··· The data ···

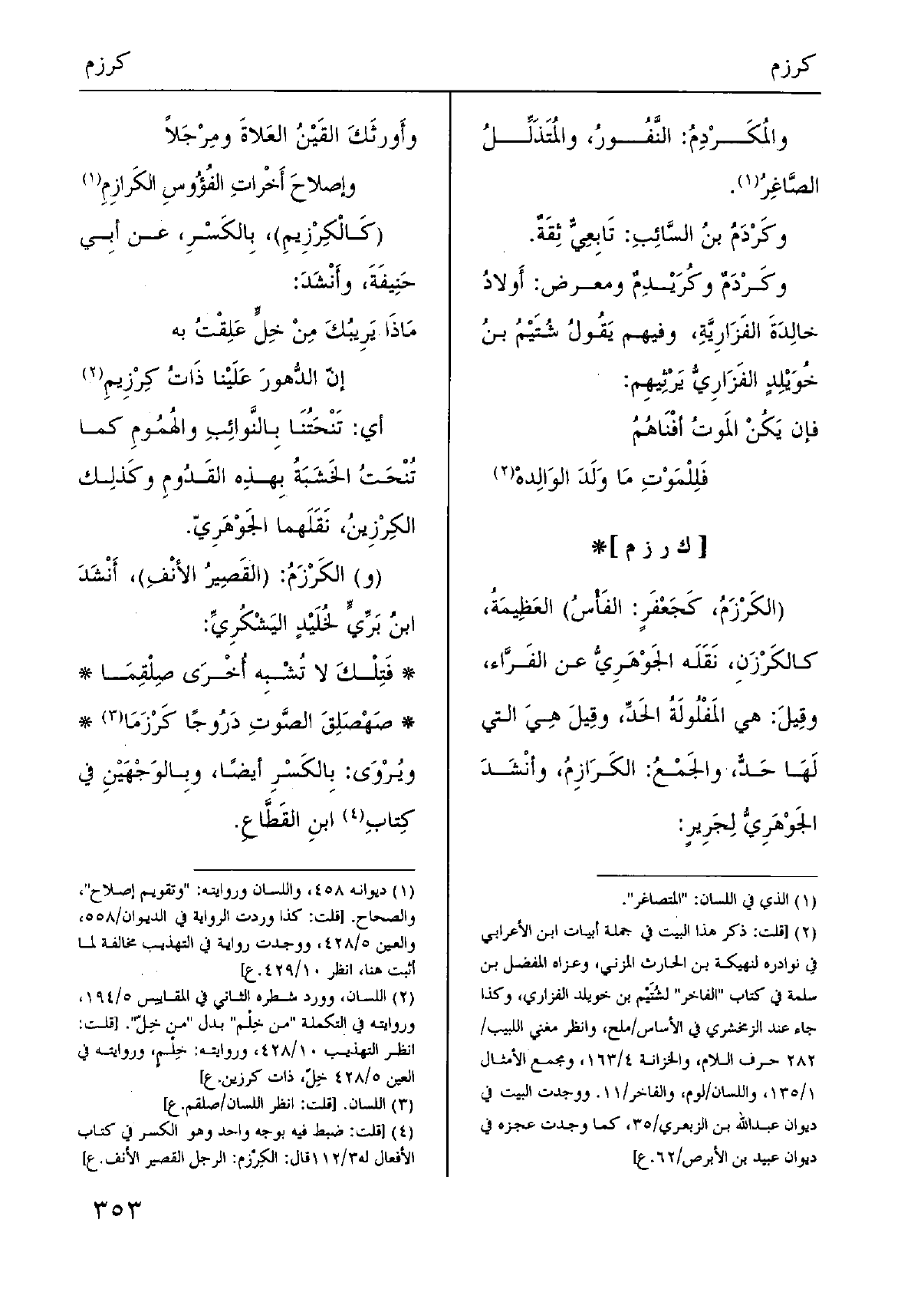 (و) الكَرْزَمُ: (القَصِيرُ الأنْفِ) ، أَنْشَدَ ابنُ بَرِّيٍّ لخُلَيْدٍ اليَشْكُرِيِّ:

···
··· The data ···

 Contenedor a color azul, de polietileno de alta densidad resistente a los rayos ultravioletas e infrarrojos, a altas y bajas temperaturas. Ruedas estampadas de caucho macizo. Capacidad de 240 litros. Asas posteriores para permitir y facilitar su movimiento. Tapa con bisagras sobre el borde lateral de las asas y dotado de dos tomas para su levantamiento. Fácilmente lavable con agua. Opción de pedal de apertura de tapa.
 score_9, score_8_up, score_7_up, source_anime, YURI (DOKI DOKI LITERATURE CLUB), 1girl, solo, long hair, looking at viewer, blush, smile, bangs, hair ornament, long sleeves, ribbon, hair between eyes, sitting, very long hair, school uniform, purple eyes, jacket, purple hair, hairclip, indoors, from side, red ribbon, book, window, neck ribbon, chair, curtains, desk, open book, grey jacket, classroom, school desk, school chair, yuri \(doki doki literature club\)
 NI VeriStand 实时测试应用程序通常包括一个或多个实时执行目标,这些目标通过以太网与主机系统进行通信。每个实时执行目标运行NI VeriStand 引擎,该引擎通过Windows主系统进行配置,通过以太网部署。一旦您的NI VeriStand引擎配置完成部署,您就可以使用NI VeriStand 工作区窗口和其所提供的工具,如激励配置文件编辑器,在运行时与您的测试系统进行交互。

···

__Task to complete__
Given the records above, return exactly the lines starting at the line containing "Contenedor a color" and ending at the line containing "score_9, score_8_up, score_7_up, source_anime, YURI", including both.

__Your response__
 Contenedor a color azul, de polietileno de alta densidad resistente a los rayos ultravioletas e infrarrojos, a altas y bajas temperaturas. Ruedas estampadas de caucho macizo. Capacidad de 240 litros. Asas posteriores para permitir y facilitar su movimiento. Tapa con bisagras sobre el borde lateral de las asas y dotado de dos tomas para su levantamiento. Fácilmente lavable con agua. Opción de pedal de apertura de tapa.
 score_9, score_8_up, score_7_up, source_anime, YURI (DOKI DOKI LITERATURE CLUB), 1girl, solo, long hair, looking at viewer, blush, smile, bangs, hair ornament, long sleeves, ribbon, hair between eyes, sitting, very long hair, school uniform, purple eyes, jacket, purple hair, hairclip, indoors, from side, red ribbon, book, window, neck ribbon, chair, curtains, desk, open book, grey jacket, classroom, school desk, school chair, yuri \(doki doki literature club\)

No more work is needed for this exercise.